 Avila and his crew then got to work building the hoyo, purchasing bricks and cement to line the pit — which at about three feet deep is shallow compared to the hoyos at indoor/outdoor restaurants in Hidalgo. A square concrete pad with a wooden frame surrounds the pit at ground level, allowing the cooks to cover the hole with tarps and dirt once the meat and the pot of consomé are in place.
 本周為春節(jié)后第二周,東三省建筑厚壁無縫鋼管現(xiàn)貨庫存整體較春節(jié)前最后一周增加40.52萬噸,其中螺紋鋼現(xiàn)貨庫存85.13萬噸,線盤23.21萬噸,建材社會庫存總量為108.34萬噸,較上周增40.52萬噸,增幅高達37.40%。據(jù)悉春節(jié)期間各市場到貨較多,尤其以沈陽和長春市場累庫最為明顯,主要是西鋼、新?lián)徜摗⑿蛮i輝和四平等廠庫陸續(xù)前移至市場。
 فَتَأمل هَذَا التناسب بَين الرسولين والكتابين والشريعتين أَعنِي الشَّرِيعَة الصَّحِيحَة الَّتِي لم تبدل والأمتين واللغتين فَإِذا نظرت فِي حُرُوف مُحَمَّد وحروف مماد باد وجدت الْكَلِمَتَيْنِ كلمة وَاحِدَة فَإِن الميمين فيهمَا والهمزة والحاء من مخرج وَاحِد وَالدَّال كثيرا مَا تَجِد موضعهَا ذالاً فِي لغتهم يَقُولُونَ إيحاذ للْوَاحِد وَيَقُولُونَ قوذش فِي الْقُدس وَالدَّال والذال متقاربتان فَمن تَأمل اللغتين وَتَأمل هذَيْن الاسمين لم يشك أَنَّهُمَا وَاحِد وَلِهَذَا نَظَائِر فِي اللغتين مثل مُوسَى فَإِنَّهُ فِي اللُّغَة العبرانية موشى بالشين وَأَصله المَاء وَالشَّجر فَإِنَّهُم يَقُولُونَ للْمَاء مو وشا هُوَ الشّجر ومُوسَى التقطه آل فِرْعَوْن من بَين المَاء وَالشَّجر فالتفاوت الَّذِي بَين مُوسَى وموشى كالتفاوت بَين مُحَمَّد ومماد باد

* * *

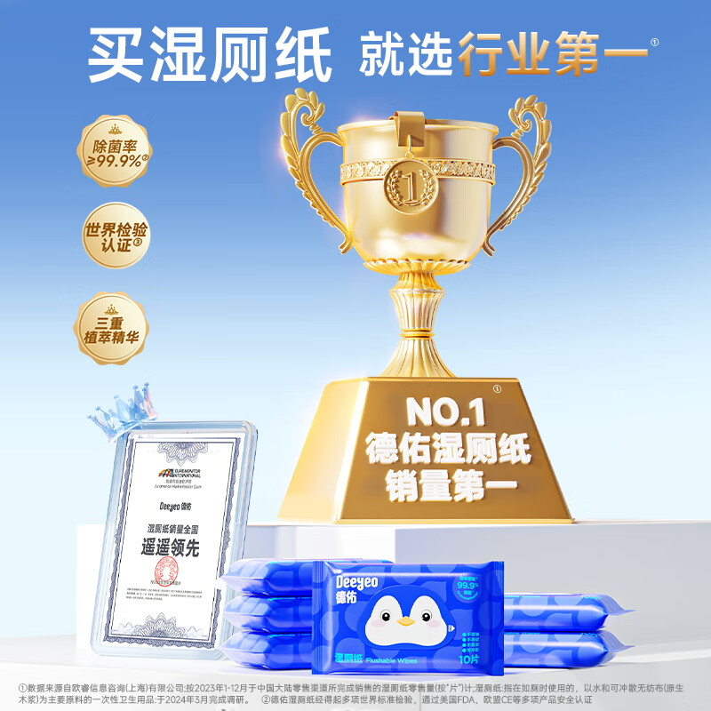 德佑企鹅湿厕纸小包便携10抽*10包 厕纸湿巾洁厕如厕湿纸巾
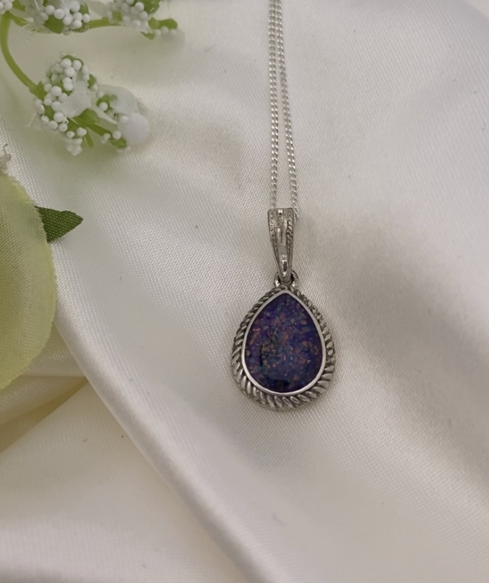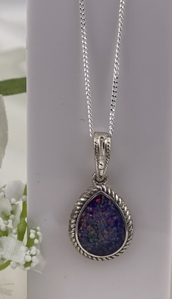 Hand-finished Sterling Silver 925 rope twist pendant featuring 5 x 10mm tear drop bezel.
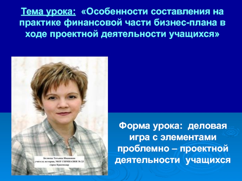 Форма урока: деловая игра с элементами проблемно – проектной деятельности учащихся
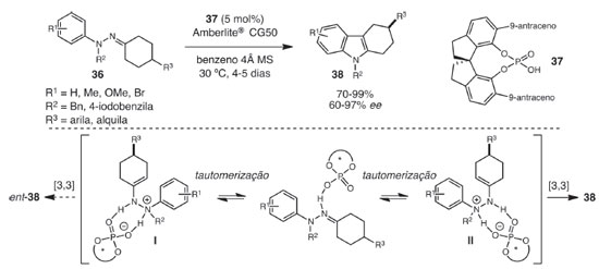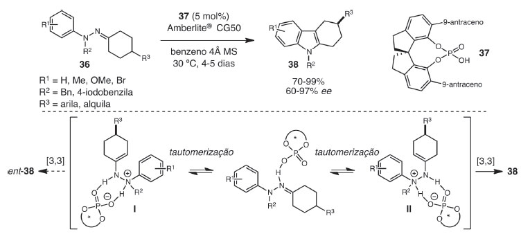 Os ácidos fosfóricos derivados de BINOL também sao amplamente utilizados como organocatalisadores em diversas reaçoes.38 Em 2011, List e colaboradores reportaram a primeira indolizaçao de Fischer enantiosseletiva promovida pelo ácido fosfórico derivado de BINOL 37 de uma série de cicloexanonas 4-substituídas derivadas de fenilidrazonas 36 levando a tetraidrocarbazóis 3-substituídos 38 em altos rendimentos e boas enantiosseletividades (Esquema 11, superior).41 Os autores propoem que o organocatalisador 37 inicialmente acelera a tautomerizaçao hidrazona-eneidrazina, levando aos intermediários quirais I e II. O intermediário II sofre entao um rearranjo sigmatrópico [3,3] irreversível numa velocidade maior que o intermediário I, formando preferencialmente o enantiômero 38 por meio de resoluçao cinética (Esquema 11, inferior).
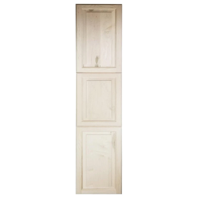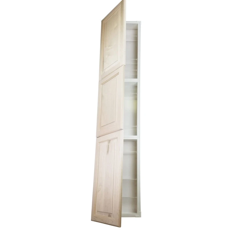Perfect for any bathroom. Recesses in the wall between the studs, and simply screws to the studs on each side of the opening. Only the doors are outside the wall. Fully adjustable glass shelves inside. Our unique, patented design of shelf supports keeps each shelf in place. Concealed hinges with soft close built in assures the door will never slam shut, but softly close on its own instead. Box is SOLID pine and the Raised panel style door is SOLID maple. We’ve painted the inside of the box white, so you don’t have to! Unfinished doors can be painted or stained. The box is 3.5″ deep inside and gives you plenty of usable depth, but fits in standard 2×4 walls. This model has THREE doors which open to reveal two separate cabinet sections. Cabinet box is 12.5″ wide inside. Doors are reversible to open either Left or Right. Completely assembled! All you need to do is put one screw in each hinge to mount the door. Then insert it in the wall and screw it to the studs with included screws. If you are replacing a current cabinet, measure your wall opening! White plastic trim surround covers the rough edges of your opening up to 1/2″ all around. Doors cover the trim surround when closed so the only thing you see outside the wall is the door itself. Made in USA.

What to do: Go down the entries above from the line containing "德佑企鹅湿厕纸小包便携10抽*10包 厕纸湿巾洁厕如厕湿纸巾" to the line containing "Форма урока: деловая" and write out each line exactly, leaving pictures out.

Result for this exercise:
 德佑企鹅湿厕纸小包便携10抽*10包 厕纸湿巾洁厕如厕湿纸巾
 Hand-finished Sterling Silver 925 rope twist pendant featuring 5 x 10mm tear drop bezel.
 Форма урока: деловая игра с элементами проблемно – проектной деятельности учащихся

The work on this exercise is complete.